International Perfusion Association


Efficacy of Automated Fasteners Versus Hand-Tied Knots in Cardiac Surgery: A Systematic Review and Meta-Analysis

Valve surgery is common in cardiac procedures, with fasteners like COR-KNOT® and hand-tied knots used for knot securing. This study compares their efficacy in valve surgery patients. We searched PubMed, SCOPUS, and Cochrane Central until August 2023. Outcomes assessed included aortic cross-clamp time (AXT), cardiopulmonary bypass (CPB) time, valvular regurgitation, mortality, prolonged ventilatory support, atrial fibrillation, postoperative left ventricular ejection fraction (LVEF), and renal failure.
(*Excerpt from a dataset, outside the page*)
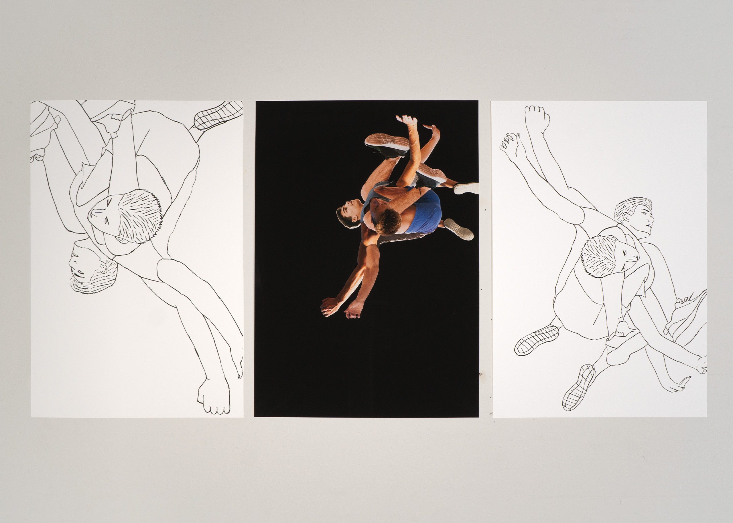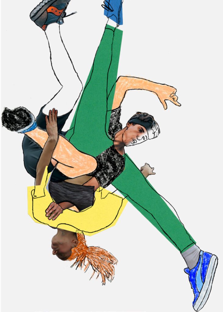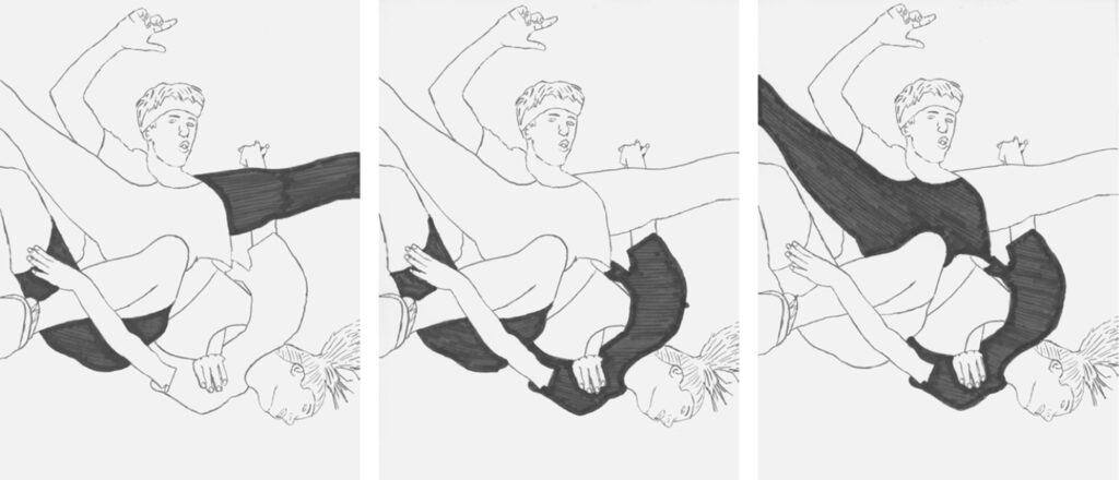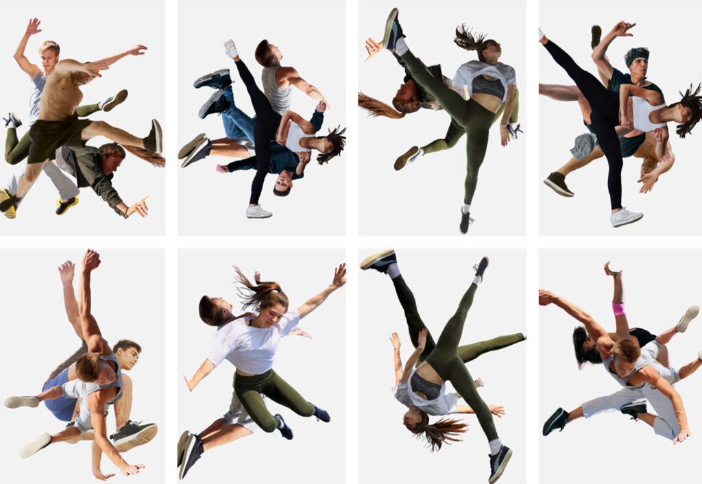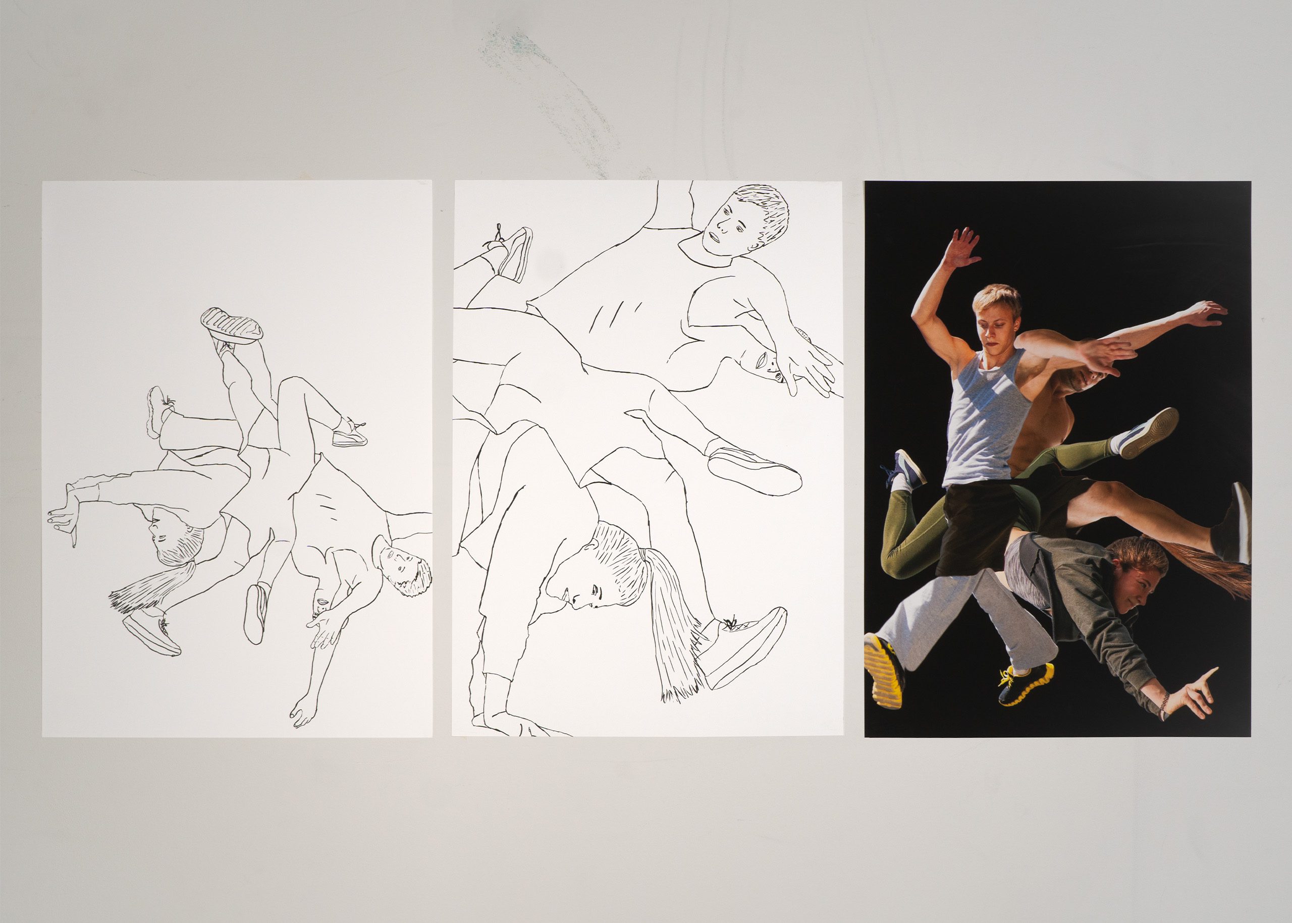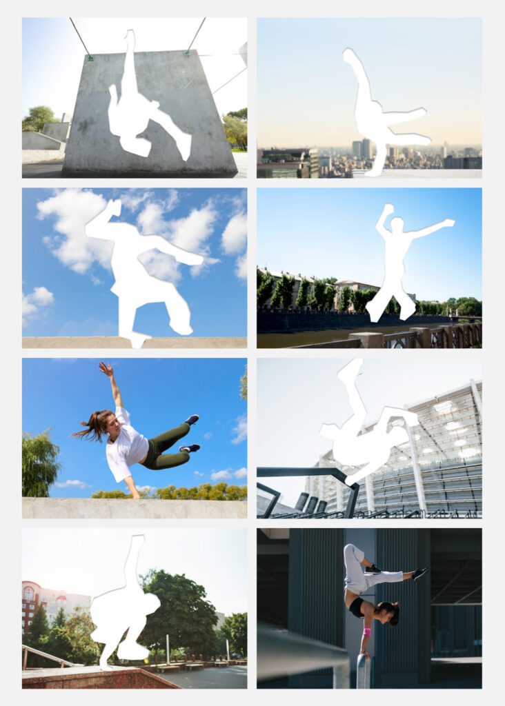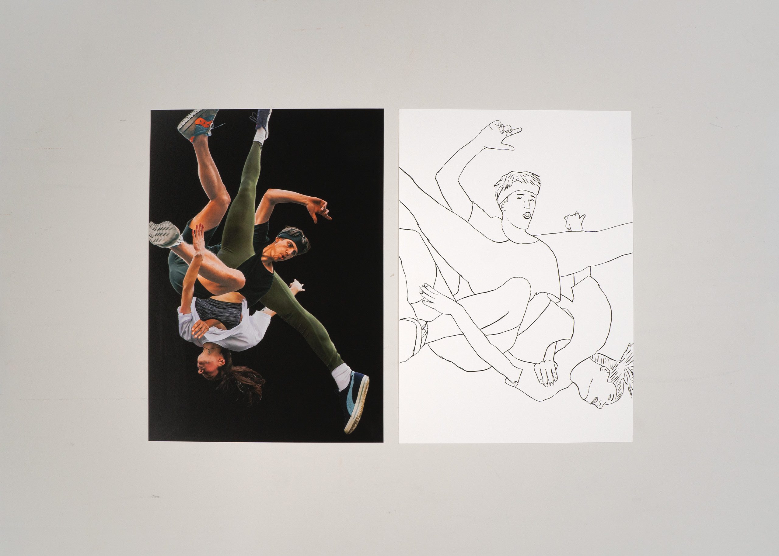 Zum Thema Talking Bodies habe ich nach verschiedenen Erprobungen das Phänomen der Körperverschmelzungen entdeckt. Mir ist aufgefallen, dass beim Breakdance und Parkour sehr interessante Körperhaltungen entstehen, welche man miteinander kombinieren kann. Es interessierte mich herauszufinden, wann die Körper sich visuell ineinander auflösen und wann sie sich voneinander trennen und eigenständig wirken. Dieses Spiel erschafft das Gefühl eines Tanzes in der Serie.
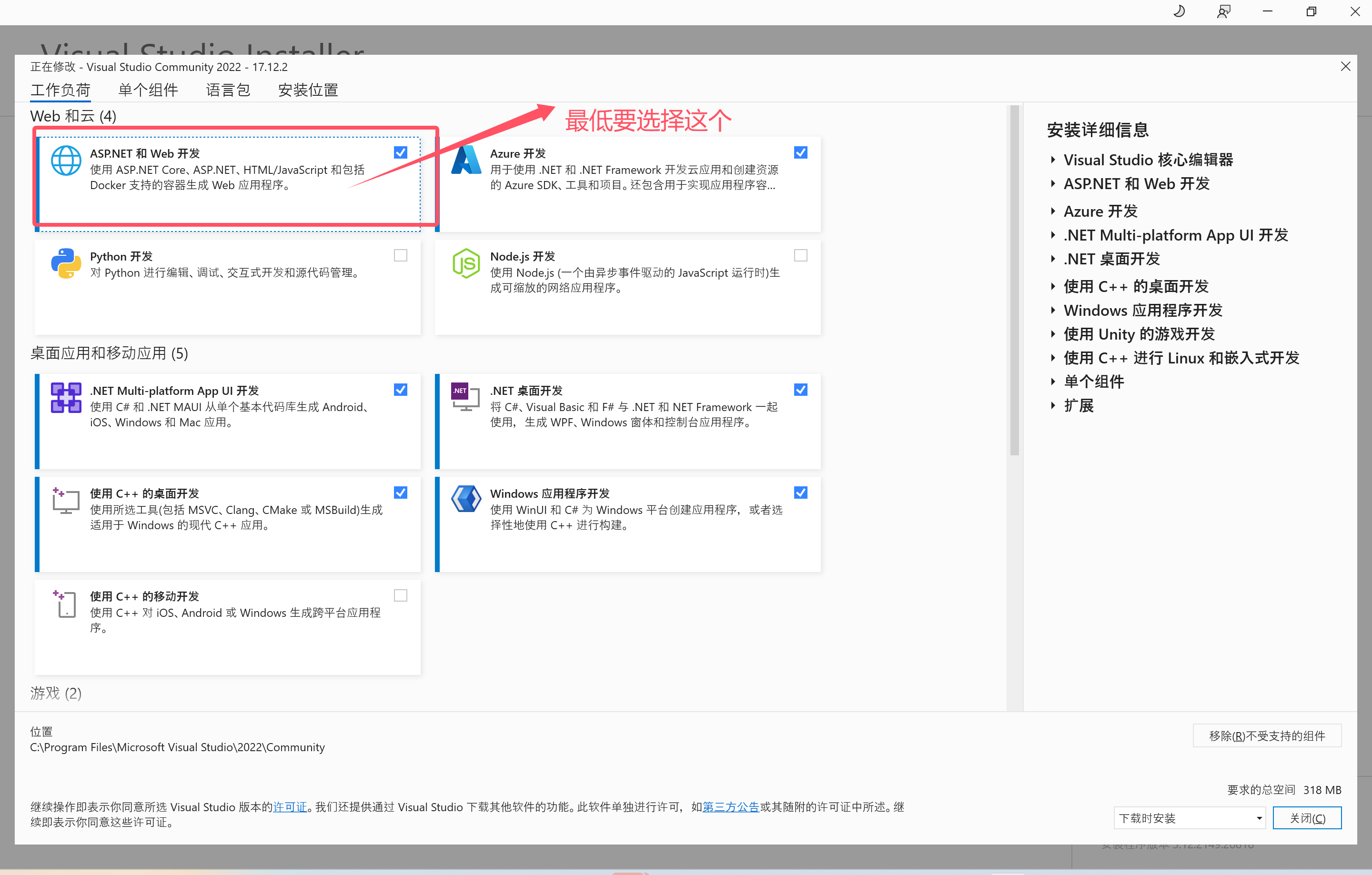- 首先安装Visual Studio,下载最新的社区版本就行,安装对应的负载,和对应的.NET版本。

Subgroup analysis was performed for minimally invasive and open cardiac surgery. We used a random effects model for analysis. We included eight observational studies and two randomized controlled trials (RCTs) with a total of 1.411 participants. COR-KNOT significantly reduced AXT [MD -15.14, 95 % CI (-18.57, -11.70), P<0.00001] and CPB time [MD -12.38, 95 % CI (-14.99, -9.77), P<0.00001]. Valvular regurgitation [RR 0.40, 95 % CI (0.26, 0.61), P<0.0001] and need for prolonged ventilatory support [RR 0.29, 95 % CI (0.13, 0.65), P=0.003] were significantly lower with COR-KNOT. There were no significant differences in mortality [RR 0.39, 95 % CI (0.09, 1.69), P=0.44], atrial fibrillation [RR 1.03, 95 % CI (0.83, 1.27), P=0.81], LVEF changes [MD 0.05, 95 % CI (-1.37, 1.47), P = 0.95], or renal failure [RR 0.87, 95 % CI (0.16, 4.80), P = 0.87]. COR-KNOT devices reduce operative time and valvular regurgitation without increasing mortality or adverse outcomes. This supports their use in enhancing surgical efficiency and patient outcomes. However, ongoing discussions about suturing techniques, especially in minimally invasive procedures, highlight the need for further research and consensus among practitioners. See also the graphical abstract(Fig. 1).

Keywords: COR-KNOT; automated fasteners; cardiac valvular surgery; hand-tied knots.